If you’ve read Cherish then you know that a cherishing marriage is based on viewing your husband and wife as “Adam” or “Eve,” the only man or woman in the world. When we choose to marry someone, we choose to cherish someone (“I promise to love and to cherish until death do us part”) and cherishing necessitates training our minds and hearts to be satisfied and even enthralled with our choice. A $10,000 two carat diamond seems beautiful, but if you’re a castaway on a deserted island, you might prefer a butane lighter that costs $2.99. Value can be relative to the person who holds it, so once the marriage vows are said, we don’t expect our spouse to be anything other than what they are.

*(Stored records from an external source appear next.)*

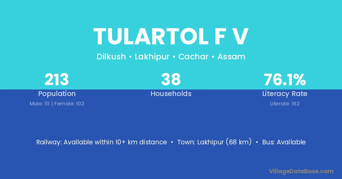 Lakhipur (68 km) is the nearest town to Tulartol F V village for major economic activities and is located approximately 68 km away.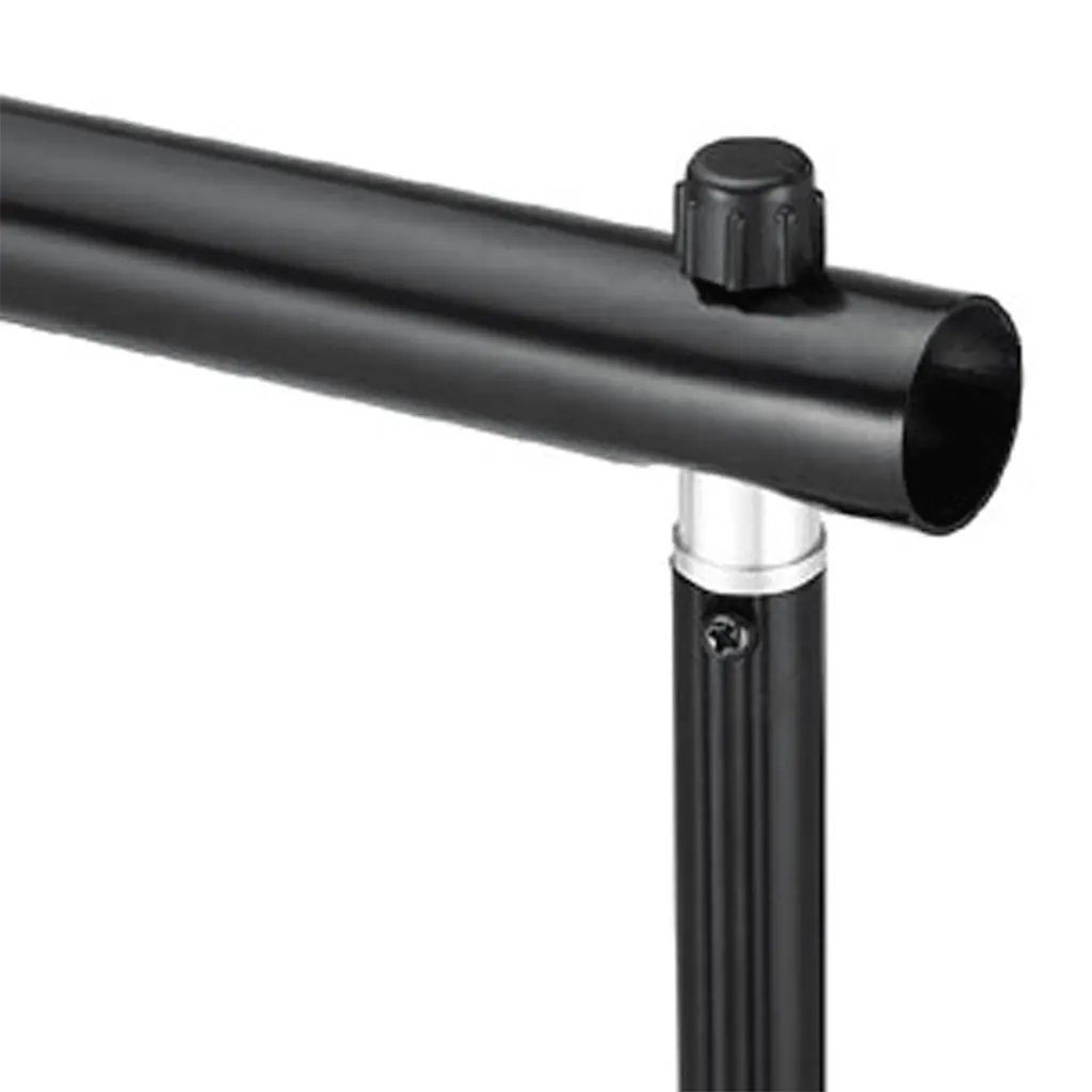 • Paindlik taustasüsteem – teleskoopne must alumiiniumkonstruktsioon reguleeritava põiktala laiusega 155–300 cm ja statiivi kõrgusega 75–210 cm võimaldab tausta kiiresti sobivale laiusele ja kõrgusele seada.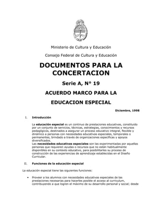 Este documento establece un acuerdo marco para la educación especial en Argentina. Define la educación especial como un conjunto de servicios y estrategias destinados a garantizar un proceso educativo integral para personas con necesidades educativas especiales. Describe las funciones de la educación especial y los criterios para la transformación del sistema, incluyendo proveer las prestaciones necesarias para que los estudiantes puedan acceder al plan de estudios y promover la integración e inclusión. También detalla los diferentes tipos de servicios y prestaciones de educación especial.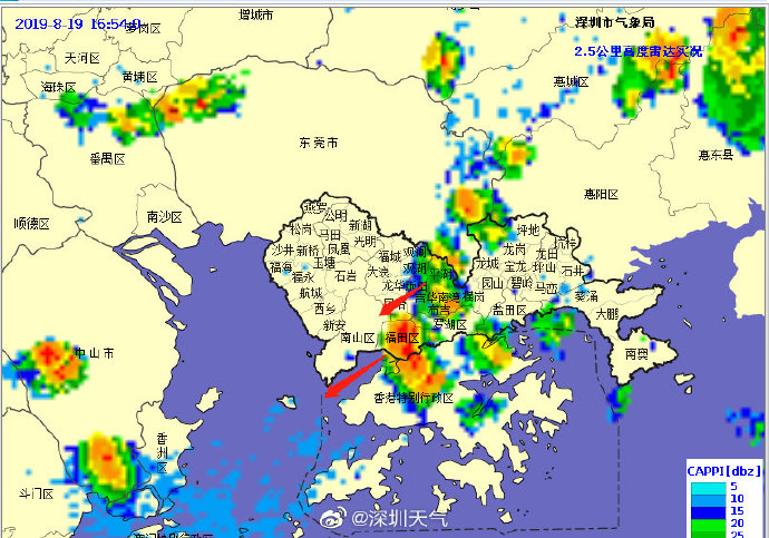 目前中部地区已下起雷雨,主要是福田、龙华、横岗西部地区,后续将影响南山、宝安南部地区。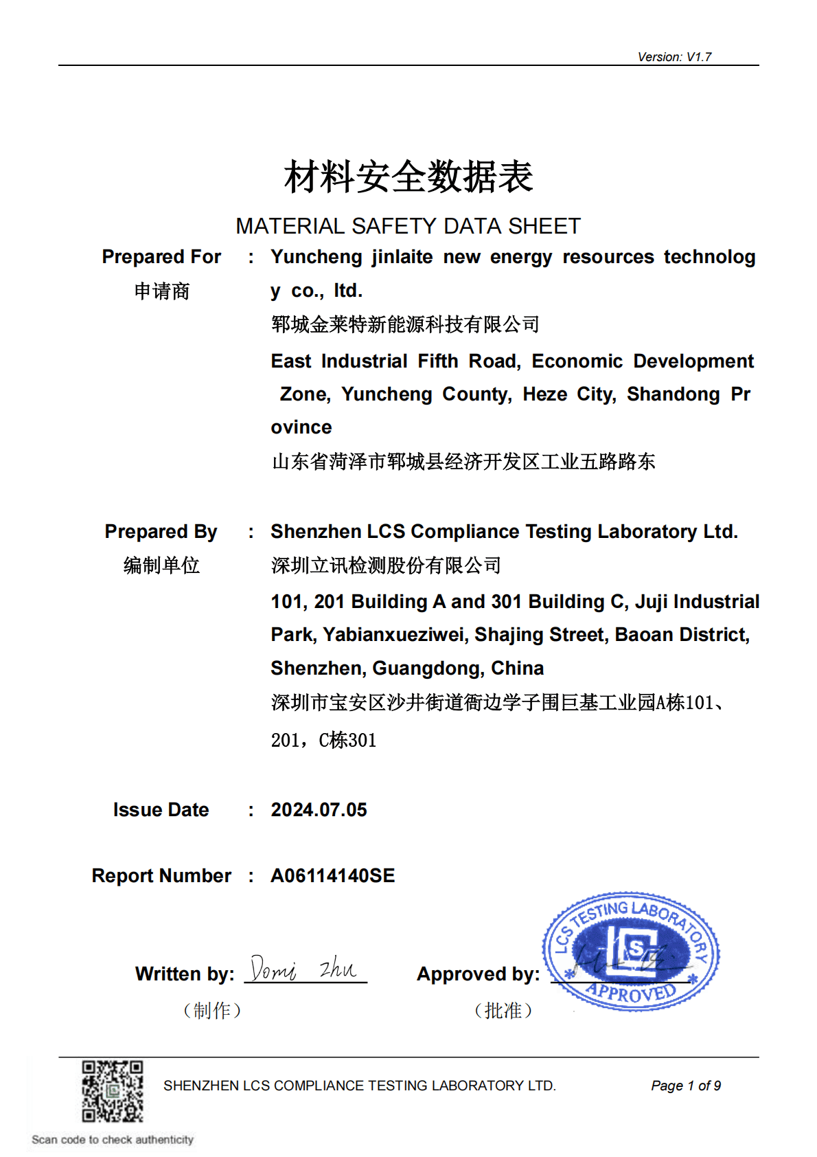 Chemical safety documentation for lithium batteries, covering hazard identification, safe storage, firefighting measures and emergency handling. Required by customs and shipping companies.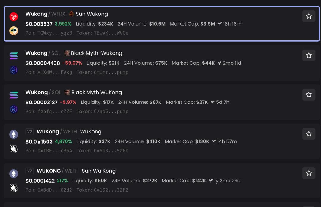 MEME币迎来了惊人的涨幅,根据Dexscreener的数据,发行于Tron上的$Wukong在24小时内涨幅3980%,多个同名MEME币在不同区块链上出现,涨幅各异,ETH上的$WuKong也同样表现不俗。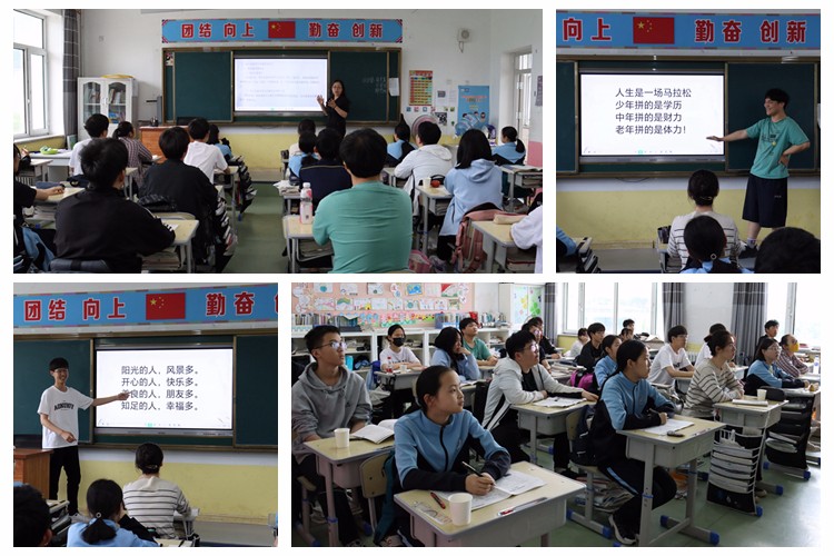 班主任李顺女首先对中考相关的规定与要求进行解读,希望同学们能够提高对中考的重视程度,提前准备好考试用具,考前清淡饮食,合理作息。并勉励学生争做身体好、心态好、精力好的备考“三好学生”,做有目标、有信心、有方法、有效率的冲刺“四有新人”。班主任发言结束后,学生们也上台发言,畅谈人生目标与梦想,以及我们要如何为之奋斗。畅所欲言的形式与风趣幽默的语言,让班级内的氛围瞬间活跃起来。借着这股愉快的气息,学生们以“跃动青春”的形式拍摄了一张互相鼓励的集体照。随后,班级内的学生们又进入到了紧张的复习之中。

Who they are must also become what we need.

There is an entirely new satisfaction in marriage when you learn to enjoy your spouse as they are instead of forever plotting to change them into someone else.

This isn’t just about your own satisfaction in marriage, however. It’s also about worshipping the God who created your spouse. If He has given you an ox, thank Him for the ox! If He’s given you a peacock, become the world’s number one fan of peacocks. You’ll be happier, your spouse will feel cherished, and your God will feel worshipped. Everyone wins.

Hopefully, you’d never ask your spouse to hold down five jobs. In the same way, don’t ask him or her to become five different people.